Give an exact copy of the data that follows, but none of its pictures.

(SOURCE MATERIAL)
◇ ◇ ◇ ◇ ◇

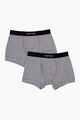 Two grey cotton classic fit boxer briefs with jacquard logo on black elasticated waistband.
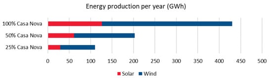 Regarding the energy production from each of the sources, Figure 6 shows a graphical comparison of each of the three scenarios, highlighting the share of each RES used.
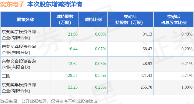 证券之星消息,12月10日奕东电子发布公告《奕东电子:关于控股股东、实际控制人的一致行动人减持股份触及1%整数倍的提示性公告》,其股东东莞奕宁投资咨询企业(有限合伙)、东莞奕萃投资咨询企业(有限合伙)、东莞奕合投资咨询企业(有限合伙)、王刚、东莞奕孚投资咨询企业(有限合伙)于2025年12月8日至2025年12月9日间合计减持234.64万股,占公司目前总股本的1.0%,变动期间该股股价上涨10.58%,截止12月9日收盘报46.09元。

◇ ◇ ◇ ◇ ◇

(EXPECTED ANSWER)
 Two grey cotton classic fit boxer briefs with jacquard logo on black elasticated waistband.
 Regarding the energy production from each of the sources, Figure 6 shows a graphical comparison of each of the three scenarios, highlighting the share of each RES used.
 证券之星消息,12月10日奕东电子发布公告《奕东电子:关于控股股东、实际控制人的一致行动人减持股份触及1%整数倍的提示性公告》,其股东东莞奕宁投资咨询企业(有限合伙)、东莞奕萃投资咨询企业(有限合伙)、东莞奕合投资咨询企业(有限合伙)、王刚、东莞奕孚投资咨询企业(有限合伙)于2025年12月8日至2025年12月9日间合计减持234.64万股,占公司目前总股本的1.0%,变动期间该股股价上涨10.58%,截止12月9日收盘报46.09元。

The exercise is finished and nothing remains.